__WHAT IS BEING ASKED__.
Only the lines below from the one that holds "Le boléro Inesse" through the one that holds "Camerele spațioase sunt" should appear in the answer, copied exactly, end lines included and pictures omitted.

__RECORDS TO USE__.
--- START ---
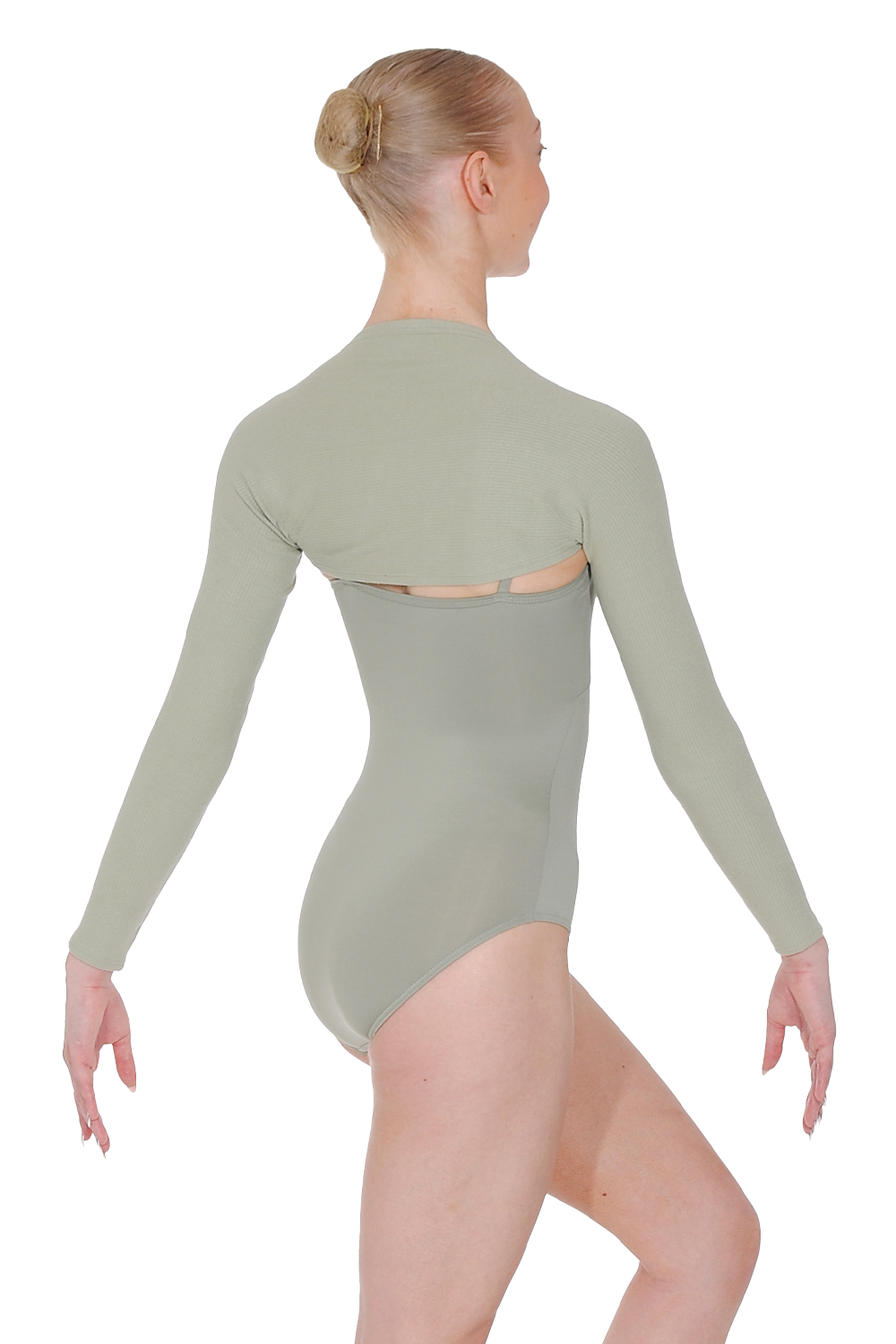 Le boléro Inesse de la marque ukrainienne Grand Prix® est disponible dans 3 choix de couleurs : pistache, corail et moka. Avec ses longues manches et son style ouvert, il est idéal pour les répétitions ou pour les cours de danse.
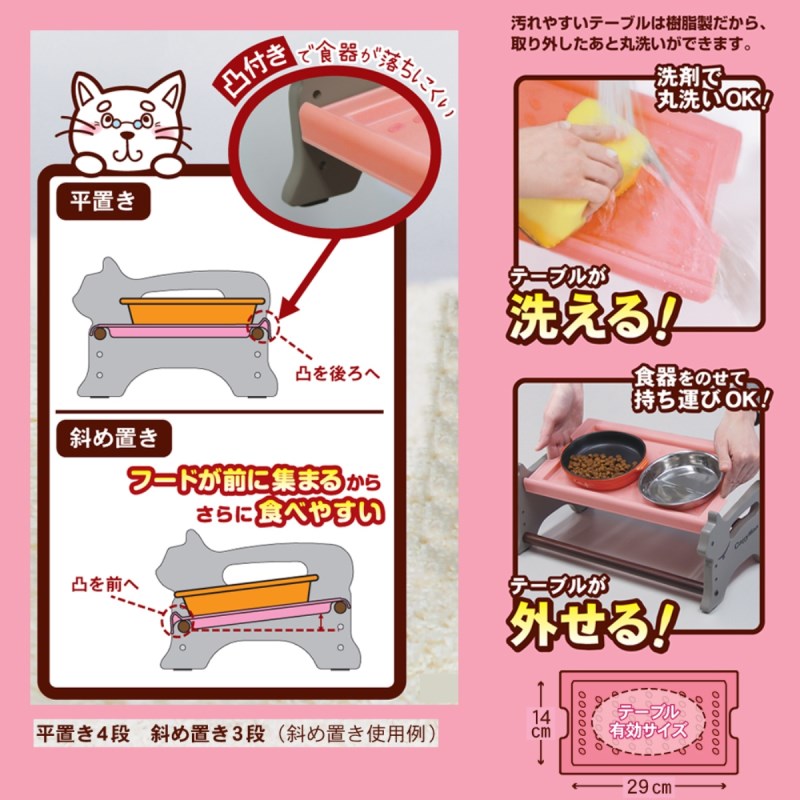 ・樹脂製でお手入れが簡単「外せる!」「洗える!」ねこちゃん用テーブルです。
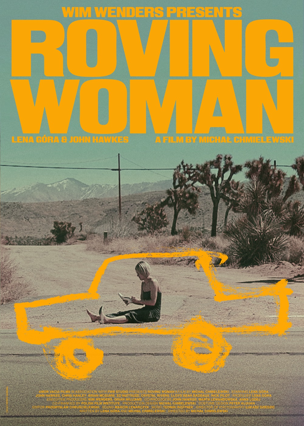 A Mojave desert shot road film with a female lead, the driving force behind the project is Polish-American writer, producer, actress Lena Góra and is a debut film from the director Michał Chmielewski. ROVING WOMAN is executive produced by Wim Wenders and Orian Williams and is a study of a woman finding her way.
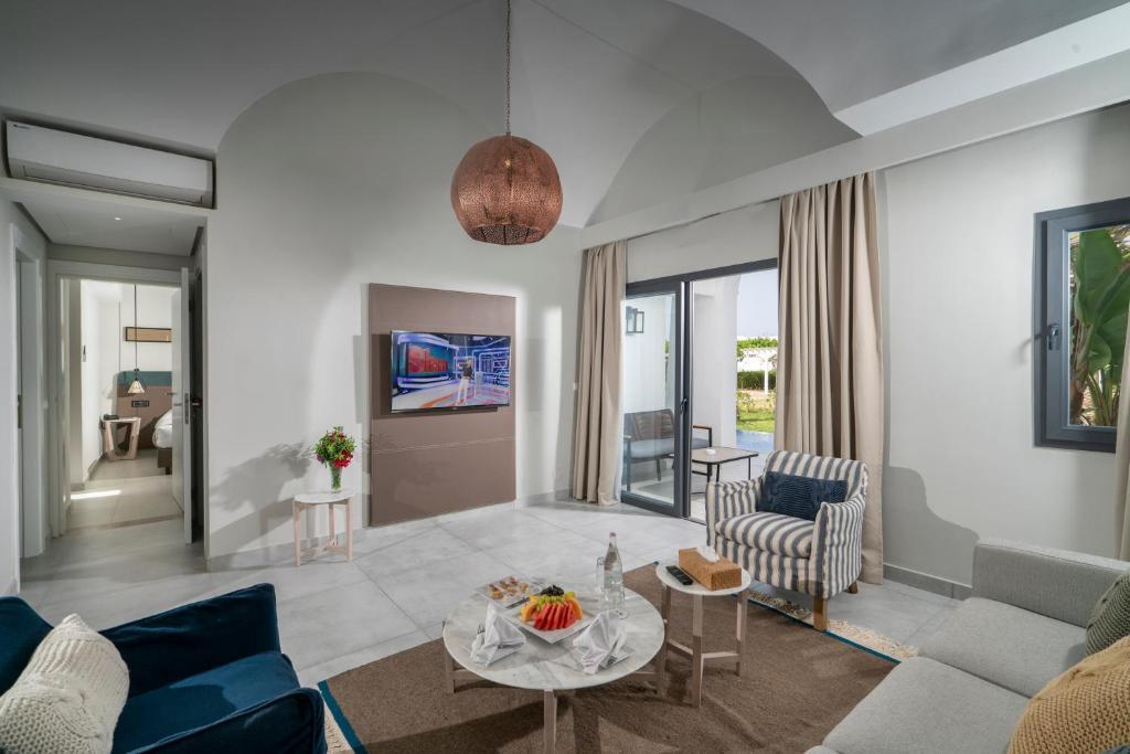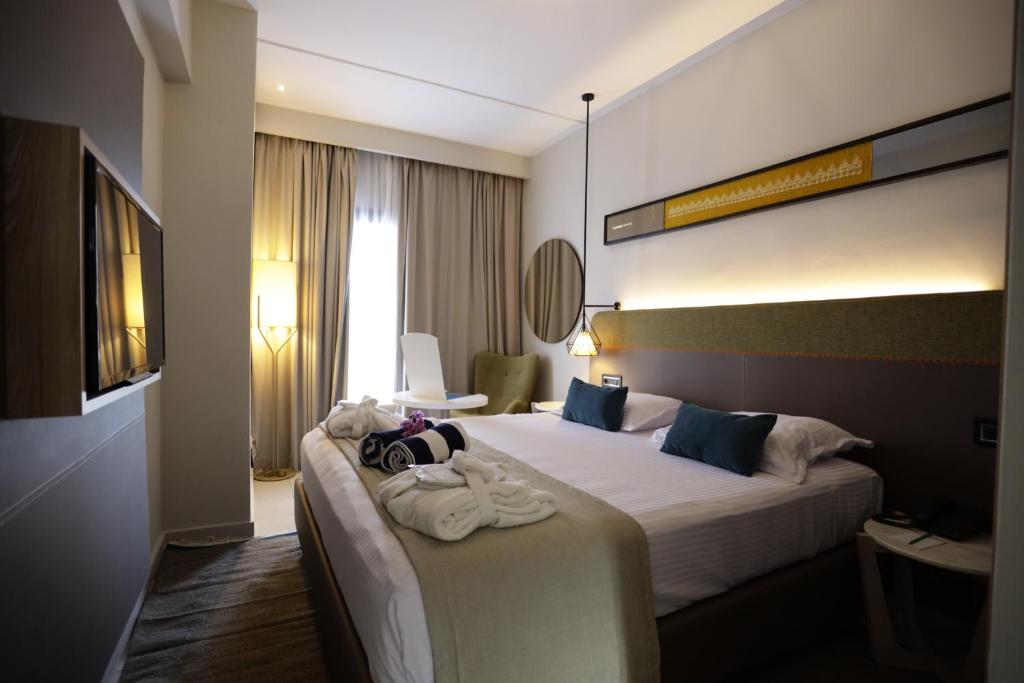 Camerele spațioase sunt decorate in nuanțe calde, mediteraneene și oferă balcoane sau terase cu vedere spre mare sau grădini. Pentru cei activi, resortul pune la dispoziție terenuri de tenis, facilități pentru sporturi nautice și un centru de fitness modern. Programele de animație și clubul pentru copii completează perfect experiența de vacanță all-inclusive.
--- END ---
--- START ---
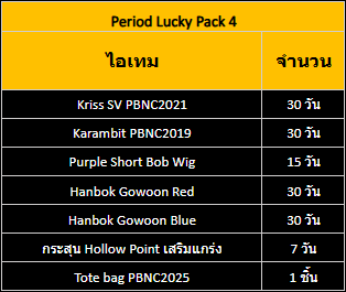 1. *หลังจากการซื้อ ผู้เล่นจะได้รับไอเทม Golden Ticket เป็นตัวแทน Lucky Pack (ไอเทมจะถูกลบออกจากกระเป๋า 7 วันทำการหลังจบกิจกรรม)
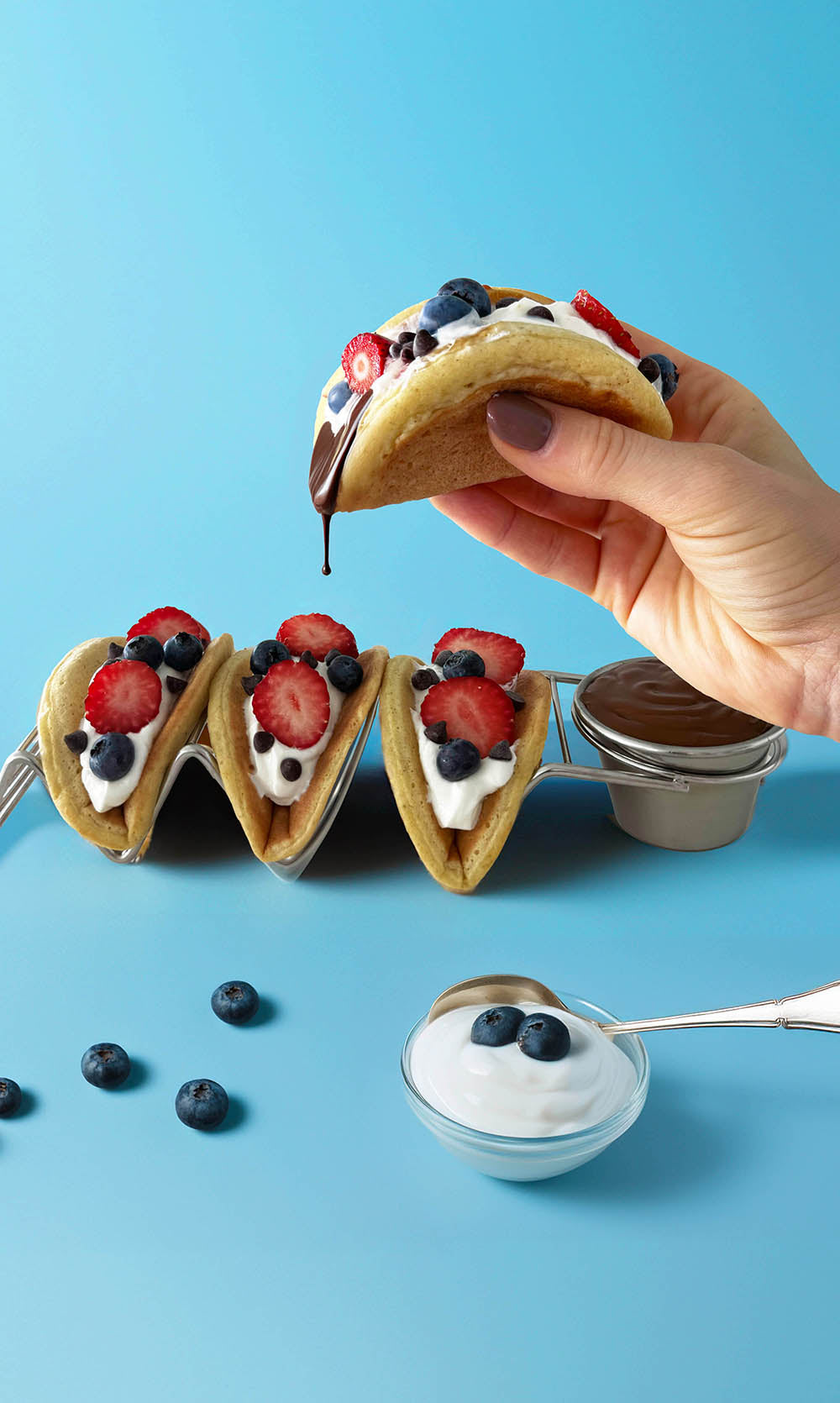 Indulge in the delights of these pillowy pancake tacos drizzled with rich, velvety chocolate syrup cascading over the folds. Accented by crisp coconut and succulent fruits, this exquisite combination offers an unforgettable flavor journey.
--- END ---
__RESPONSE BELOW__.
 Le boléro Inesse de la marque ukrainienne Grand Prix® est disponible dans 3 choix de couleurs : pistache, corail et moka. Avec ses longues manches et son style ouvert, il est idéal pour les répétitions ou pour les cours de danse.
 ・樹脂製でお手入れが簡単「外せる!」「洗える!」ねこちゃん用テーブルです。
 A Mojave desert shot road film with a female lead, the driving force behind the project is Polish-American writer, producer, actress Lena Góra and is a debut film from the director Michał Chmielewski. ROVING WOMAN is executive produced by Wim Wenders and Orian Williams and is a study of a woman finding her way.
 Camerele spațioase sunt decorate in nuanțe calde, mediteraneene și oferă balcoane sau terase cu vedere spre mare sau grădini. Pentru cei activi, resortul pune la dispoziție terenuri de tenis, facilități pentru sporturi nautice și un centru de fitness modern. Programele de animație și clubul pentru copii completează perfect experiența de vacanță all-inclusive.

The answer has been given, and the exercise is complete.